According to this article in the same newspaper (HERE) the European Council President Donald Tusk has drafted up a response ready for the summit next week. It will apparently say there has been insufficient progress and this will create a big problem for Mrs May. The EU is refusing to move on to trade talks without more concessions and the Brexiteers in her party won't allow her to give any.

We really are at an impasse. Business is surely beginning to get nervous. She cannot be unaware of the pressure from industry and the banks. Who is going to blink first?

There is perhaps a spark of hope in the right wing press that the EU is opening the way to trade negotiations by the draft announcement by Tusk (HERE). He is proposing the EU 27 discuss future trade among themselves and authorise Barnier to begin preparations for developing their position. Some describe this as an olive branch (HERE) but it's really dangling a carrot (to keep the plant metaphors) before the UK as a means of encouraging us to move on the three separation issues, to get us over the line and make serious commitments on money and serious proposals on the Irish border.

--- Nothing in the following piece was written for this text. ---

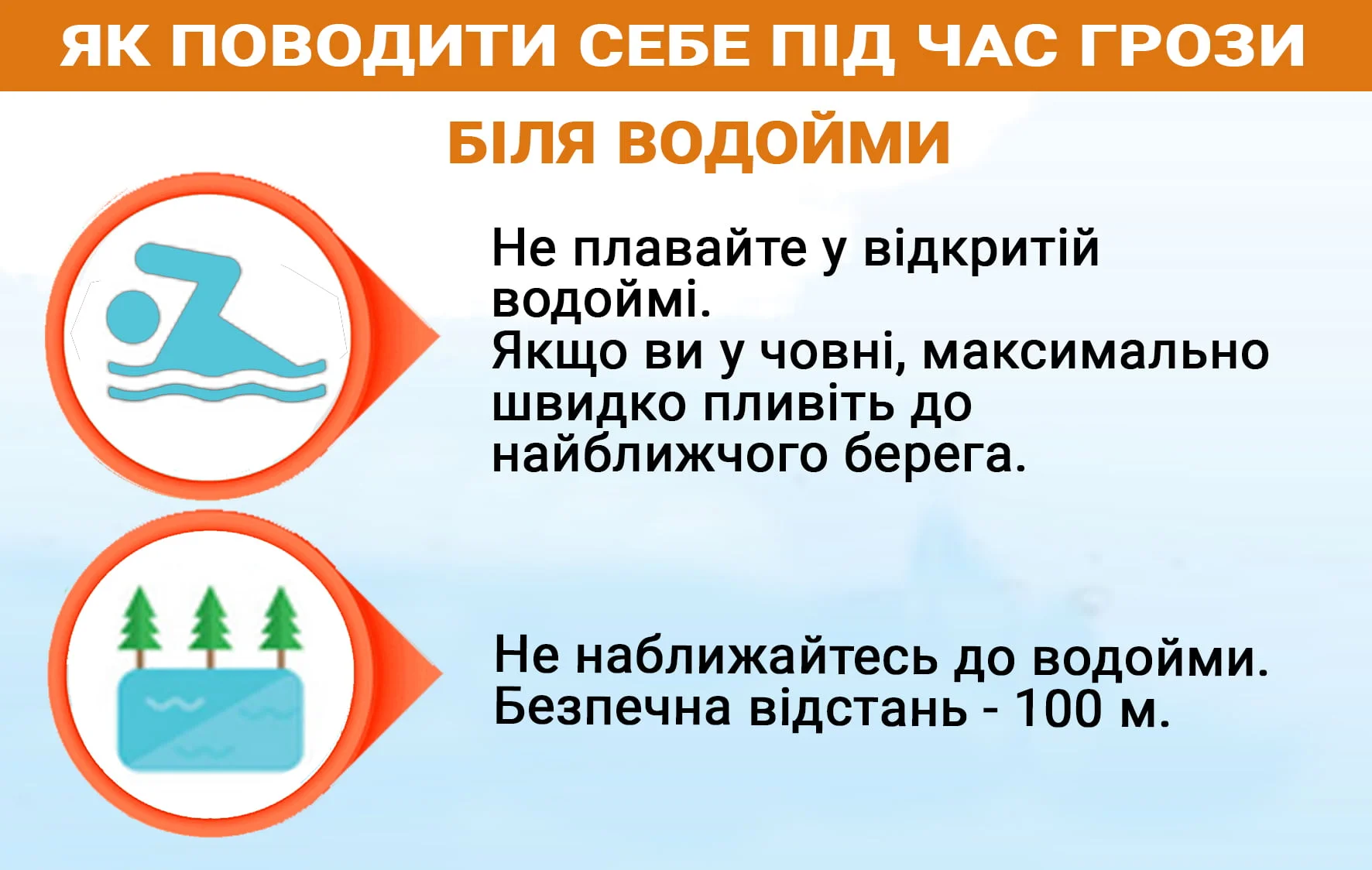 – Не можна купатись під час грози, але якщо гроза застала під час купання, то слід до берега добиратися повільно, спокійно, не вимахуючи руками. – Перебуваючи в горах, уникайте різних виступів і підвищень.

This EU is not going to be flexible on the sequencing because it can't and it doesn't need to.

This is a very high stakes game and I am not convinced Mrs May is the right person for it. Either she must face down the Brexiteers and the tabloid press, something she has been unable to do up to now, destroying the Conservative party in the process. Or throw the economy under a bus and with it the Conservative party's electoral chances for years and years. Is Hammond going to win the cabinet battle or will Fox, Davis and Johnson prevail?

I note some commentators are drawing parallels with Tory claims that Corbyn will turn this country into Venezuela with their own threat to exit the EU without a deal. Many believe the Tories will actually visit upon us a greater catastrophe than Hugo Chavez has on Venezuela!

Finally, there may be a glimmer of hope for remainers in all of this. John Rentoul at The Independent  thinks if a no deal option ever gets to parliament MPs will decide that remaining in is our best option (HERE).